1931年(昭和6年)6月に三菱重工業で試作車が完成した。主目的の2機能に加え、塹壕の掘削、化学兵器の撒布及び除去、火炎放射、地雷除去、煙幕の展開といった各種機能がこなせる万能工作機械として設計されていた。これは財政難などから多機能が期待されたためである。ただちに工兵学校などでの実用試験が始まり、1933年(昭和8年)には特別工兵演習に参加した。折り畳み式の架橋設備の追加などの改良を経て、1936年(昭和11年)に九六式装甲作業機として仮制式となった。この際、第一級秘密兵器の取り扱いとなっている。
搭載用通信機としては1935年(昭和10年)から新型の無線機が研究され、九六式四号戊無線機として制式化された。比較的に車内容積に余裕があったため、従来の日本の戦車用無線機よりは性能良好であった。そのため、後に九七式中戦車の車載無線機にも採用され、1941年(昭和16年)から1945年(昭和20年)まで80機生産されている[2]。

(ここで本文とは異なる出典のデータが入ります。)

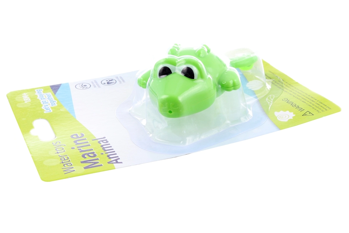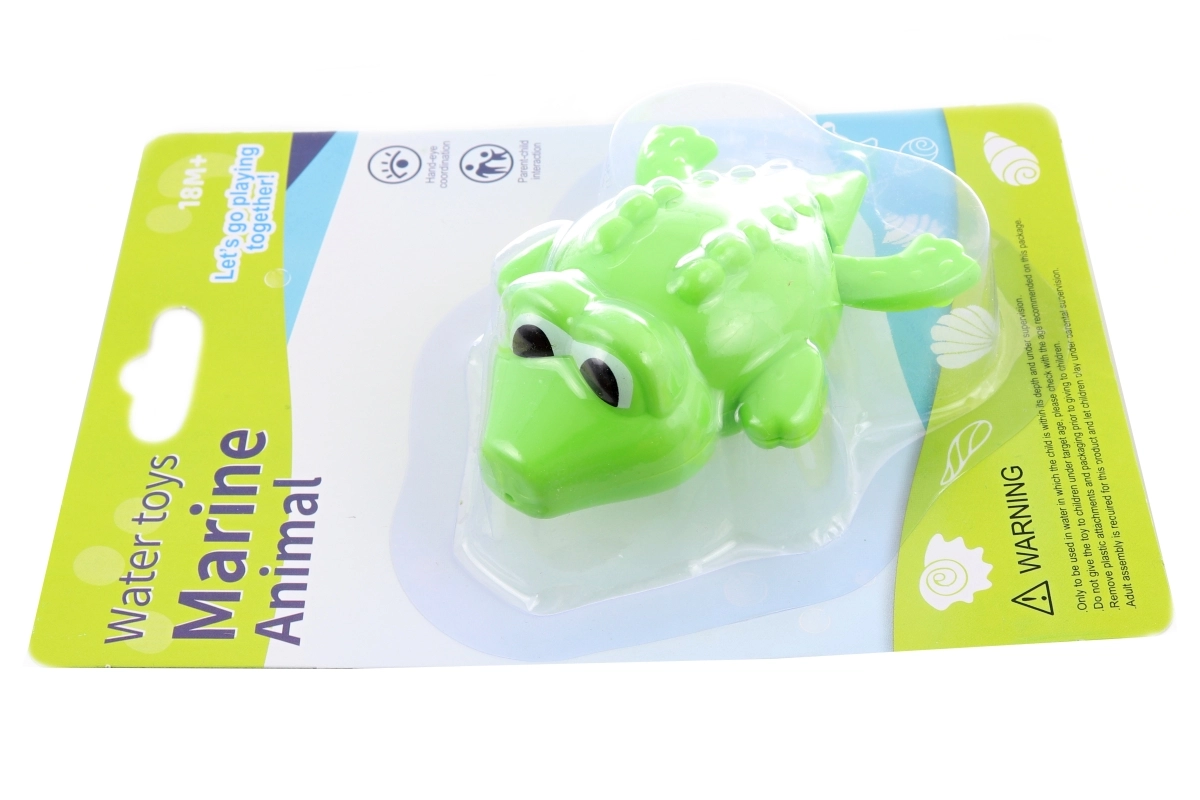 Linksmas vonios žaislas patiems mažiausiems – vyniojamas plastikinis krokodilas, kuris prisukus plaukia pats. Idealiai tinka smulkiajai motorikai lavinti, saugiam vandens žaidimui ir smagiam maudymuisi jau nuo 18 mėnesių.
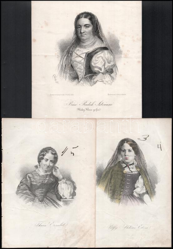 Beschreibung: 3 nemes asszony kőnyomatos portréja: Thurn Erzsébet, Pálffy Stelczer Eliza, báró Radák Istvánné Rhédey Klára grófnő 15x20 cm
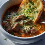 I love how the beef becomes melt-in-your-mouth tender after hours of braising. The broth gets richer with every minute it simmers, soaking up the flavors of garlic, thyme, and tomato paste. And that cheese bread? It’s not just a side—it’s essential. I always toast it until golden and bubbly, and it soaks up the soup beautifully. This is one of those recipes that feels like a warm hug.

なお、日本陸軍において戦車は歩兵科の所管であることに配慮し、本車の武装は自衛用にとどめられた。車体は八九式軽戦車の亜種というべきものであるが、歩兵科を刺激しないように新規開発の専用車体ということになっている。名称も作業機と称して戦車との違いを強調し、助数詞も「輌」ではなく「機」を用いている。足回りは八九式軽戦車と少し異なっている。
1937年(昭和12年)にはエンジンを原型車の八九式中戦車と同様に空冷ディーゼルエンジンに変更し、作業具も改良した乙型が開発された。その後も1944年(昭和19年)までに丙型から戊型の各改良型が開発された。当初は非常に多機能であったが実用性に乏しく、最終型の戊型ではトーチカ攻撃、架橋、火炎放射、地雷除去に絞り込まれていた。代わりに数種の単能工兵車両が開発されている。
作業用機材として以下のものが開発された。取り外し可能な装備の運搬用には牽引式の附属車が試作されたが、行動力低下が著しく採用されなかった。その後、九四式六輪自動貨車の改修車や、装軌式の器材運搬車(KU車)が用意された。
1934年(昭和9年)に、独立混成第1旅団の独立工兵第1中隊に最初の部隊配備が行われた。独混第1旅団は、日本で最初の機械化部隊である。1937年(昭和12年)に中国戦線で実戦参加し、火炎放射による歩兵支援を行った。しかし、1000kmもの長距離行軍の結果、故障が続出した。
1939年(昭和14年)には、専門の運用部隊として独立工兵第5連隊が創設された。同連隊は対ソ戦争におけるトーチカ破壊を想定した部隊だった。
太平洋戦争勃発後の1942年(昭和17年)に、戦車師団の創設に伴い独工第5連隊は解隊され、装甲作業機は3個戦車師団と教導戦車旅団の工兵隊に分配された。各戦車師団の工兵隊には定数で24機が配備されたが、低速で長距離行軍に堪える耐久性能もなかったため、それほど効果的な兵器とは認められなかった。太平洋戦争中は、ルソン島の防衛戦で戦車第2師団工兵隊が2型式以上の装甲作業機を使用した例がある。ルソン島ではアメリカ軍により8機が鹵獲された。
以下の5型式が開発された。甲型の制式名は九三式装甲作業機、乙型以降が九六式装甲作業機のバリエーションであるとも言われる[3]。もっとも、九六式装甲作業機の仮制式時の仕様によれば、エンジンは105馬力の水冷ガソリンエンジンとなっている[4]。